“But why should you trouble yourself to visit them at all, when you have a curate who could look after your poorer parishioners?” asked Mrs. Marshall. “The vicar of St. Dungaree’s Church only associates with, or speaks personally to, the well-to-do people of his parish. He never goes to any house of which the rent is less than seventy pounds per annum.”

“Then I suppose he does not think people with small incomes possess souls?” I ejaculated.

“Oh, dear, yes! of course they have souls. But you can’t attach as much importance to their conversion as if they were in a position to be of service to the church, as rich people can be, and a curate’s attentions are as much as they can expect.”

“Then we may conclude that the objects of a curate and of a vicar are entirely dissimilar. The curate wishes to save souls. The vicar is anxious to wheedle money out of his parishioners. Fie, Mrs. Marshall, how can you so depreciate Mr. Garth’s calling?”

“Good gracious! Miss Courtney. It’s you who are doing it, not me. I never thought of the matter in the light you are throwing upon it. And I am sure Mr. Garth understands my meaning very well.”

“To be sure I do,” responded the vicar, good-humoredly. “No doubt the vicar of St.
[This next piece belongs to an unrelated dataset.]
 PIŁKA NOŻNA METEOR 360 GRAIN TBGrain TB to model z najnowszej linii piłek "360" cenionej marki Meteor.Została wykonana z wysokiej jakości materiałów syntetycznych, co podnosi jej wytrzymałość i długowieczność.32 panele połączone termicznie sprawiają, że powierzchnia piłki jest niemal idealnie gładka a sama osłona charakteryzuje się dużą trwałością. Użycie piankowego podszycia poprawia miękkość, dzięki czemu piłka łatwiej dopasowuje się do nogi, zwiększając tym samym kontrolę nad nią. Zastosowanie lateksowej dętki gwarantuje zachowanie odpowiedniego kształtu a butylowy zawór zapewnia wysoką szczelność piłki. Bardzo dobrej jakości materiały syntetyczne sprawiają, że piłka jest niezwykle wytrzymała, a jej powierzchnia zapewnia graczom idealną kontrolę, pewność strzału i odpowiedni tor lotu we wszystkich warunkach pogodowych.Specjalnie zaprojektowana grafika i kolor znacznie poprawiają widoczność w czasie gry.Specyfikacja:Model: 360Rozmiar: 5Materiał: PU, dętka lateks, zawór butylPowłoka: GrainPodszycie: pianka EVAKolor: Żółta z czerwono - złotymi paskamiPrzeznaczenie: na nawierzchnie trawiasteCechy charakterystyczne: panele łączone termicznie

Dungaree’s is swayed by motives which outsiders do not understand. For my own part, I am quite convinced of my own unfitness for a city living, as I have what some would consider inveterately democratic notions. For instance, I am far happier when chatting with old Mrs. Murfree, who has been bedridden for six years, and who nevertheless earns a precarious livelihood by knitting and coarse needlework, than when conversing with Lady Smythe, who imagines herself to be the greatest lady in the county. And I would much rather have a talk and a smoke with old Grey, our cobbler-poet, than be invited out to dine with the lord of the manor.”
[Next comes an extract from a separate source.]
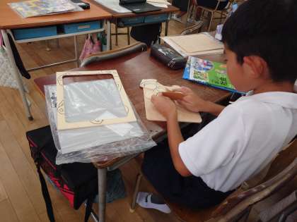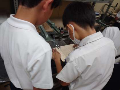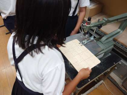 図画工作科で、電動糸のこぎり機を使って、パズルのピースを作りました。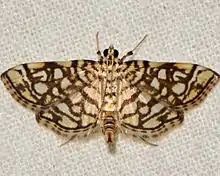 This wingspan is about 17 mm. The forewing ground colour is pale yellowish or cream with several irregular white patches, surrounded and connected by thick brown lines. The white patch nearest the anal angle is oval or circular and there is a broad white subterminal line which becomes wider near the costa. The distal edge of this line curves down toward the apex just before reaching the costa. The forewing colour and pattern is repeated on the hindwings. Adults are on wing from April to October.[2]

“And that reminds me,” put in Mrs. Garth, “that Lady Smythe and her daughters are coming this afternoon for a game of tennis. The Worthingtons will probably be here, too, so I hope you will try to get back before they leave.”

The vicar, having promised to use his best endeavors in that direction, now hurried off. I would rather have been excused from meeting the coming guests, if I had consulted only my own inclination; and it required a little mental struggle on my part to induce me to persevere just then in my lately-formed resolve to be as cheerful as possible at all times. May Morris, superficial and shallow as she seemed, was a bright, merry girl, who did nothing to foster either lugubriousness or reserve, and with whom it would have been difficult for me to maintain a silent mood for any length of time. Vinnie, too, seemed to have taken immensely to me since the morning and eagerly importuned us for another romp. Thus it happened that when the Smythe family drove up to the door they were rather scandalized by seeing two young women, who were evidently utterly regardless of appearances, scampering along a sidewalk, laughing and panting, followed by a fleet-footed child, who was pelting them with daisies which had a few hours before bespangled the tennis lawn, and by an excited St. Bernard, whose occasional tugs had utterly ruined the fresh appearance of their gowns.

“There now,” I said at last. “I really must sit down a bit. Vinnie, hadn’t you better run in and ask nurse to sponge your hands and face, before any visitors see you? I think I must go in also and straighten my hair.”

“That’s just how I feel,” said May, so we all adjourned, in order to present a better appearance by-and-by.